Praiseworthy by Alexis Wright — there are few things more exciting to me than a new Alexis Wright novel, and at nearly 800 pages this one overwhelms in its ideas, craft and spirit. A vast “open-wound theatre” about an Aboriginal family living on the edge of the Gulf of Carpentaria, it’s a satire of the colonial absurdities of Australia, an agonising fable of family, and a manifesto for surviving the end of the world … again and again and again.

We Come With This Place by Debra Dank — Debra Dank tells the story of her family on Gudanji Country on the Gulf of Carpentaria in a constellation of stories. It’s a warm, beautiful, sometimes sad, sometimes funny memoir, but it’s Dank’s way of telling that offers a way of listening to and being in the land that’s really seeped into my mind.

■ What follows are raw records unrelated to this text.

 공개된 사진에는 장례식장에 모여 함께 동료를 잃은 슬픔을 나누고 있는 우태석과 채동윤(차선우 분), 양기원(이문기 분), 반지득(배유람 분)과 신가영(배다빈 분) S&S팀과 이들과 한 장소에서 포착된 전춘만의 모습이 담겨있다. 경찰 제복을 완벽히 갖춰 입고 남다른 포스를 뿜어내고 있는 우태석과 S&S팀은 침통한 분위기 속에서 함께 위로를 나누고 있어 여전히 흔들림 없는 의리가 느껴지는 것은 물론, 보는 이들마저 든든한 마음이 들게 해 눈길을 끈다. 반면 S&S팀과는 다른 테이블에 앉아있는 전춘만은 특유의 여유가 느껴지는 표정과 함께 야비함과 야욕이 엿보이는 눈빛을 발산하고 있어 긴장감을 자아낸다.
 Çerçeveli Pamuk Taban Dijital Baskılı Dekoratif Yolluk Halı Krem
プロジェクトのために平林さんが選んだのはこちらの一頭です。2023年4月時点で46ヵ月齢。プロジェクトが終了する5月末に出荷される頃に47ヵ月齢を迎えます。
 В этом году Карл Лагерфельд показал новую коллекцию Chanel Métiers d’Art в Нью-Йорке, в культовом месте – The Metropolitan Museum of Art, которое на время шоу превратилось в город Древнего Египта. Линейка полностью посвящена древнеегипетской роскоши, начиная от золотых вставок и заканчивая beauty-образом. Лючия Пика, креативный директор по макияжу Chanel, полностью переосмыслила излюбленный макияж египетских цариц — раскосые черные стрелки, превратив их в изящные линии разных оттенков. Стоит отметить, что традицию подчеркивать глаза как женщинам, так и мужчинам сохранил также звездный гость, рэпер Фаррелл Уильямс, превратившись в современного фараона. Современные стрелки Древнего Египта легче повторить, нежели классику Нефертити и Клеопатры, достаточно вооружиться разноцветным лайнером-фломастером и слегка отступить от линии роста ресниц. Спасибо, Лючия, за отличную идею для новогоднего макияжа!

Porn by Polly Barton — Polly Barton interviews 19 friends and acquaintances — totally everyday folk, a range of ages, genders and sexualities — about their relationship with porn. The ground it covers is vast, from ethics to violence to politics to shame and desire, but the overall impression is of the exuberant complicatedness of being human.

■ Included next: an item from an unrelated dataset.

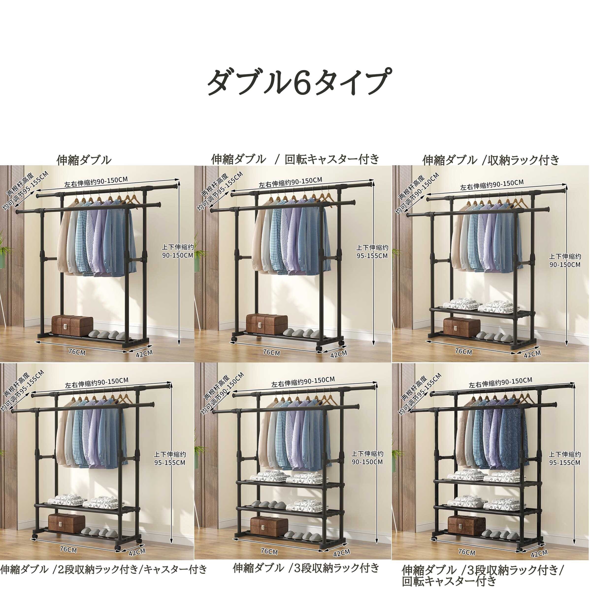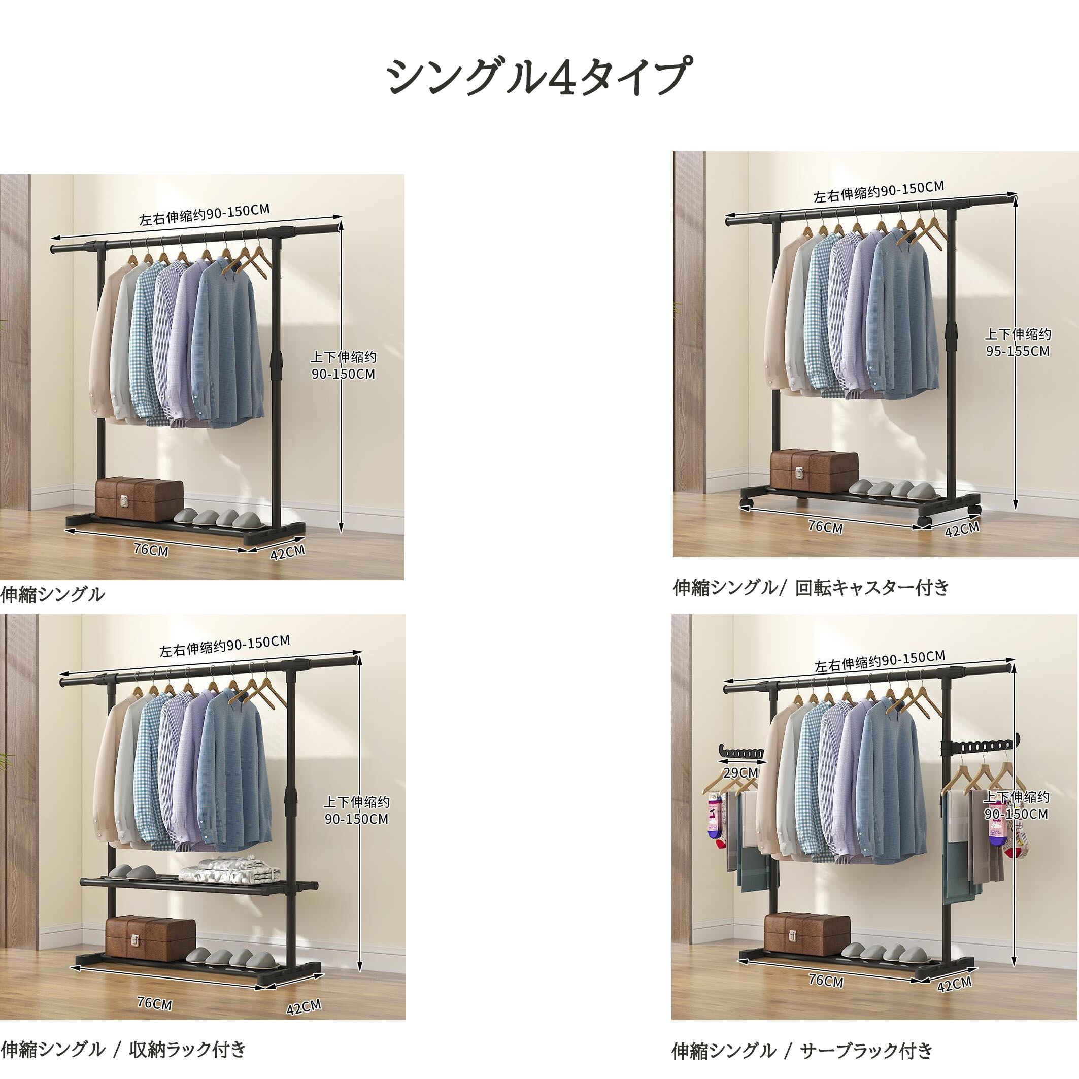 ・タオルラック付き、回転キャスター付き、ハンガーシングル&ダブルなど選べます。

A Passage To India by E. M. Forster — a young British lady arrives in India under the British Raj in this mannered, comedic and melodramatic 1924 novel. When a crisis of justice arises, the tensions between rulers and oppressed detonate. Where A Passage To India still thrills today is its clear-eyed depiction of how colonialism manifests in the relationships between people, and its ambivalence about whether friendship is possible under such a system.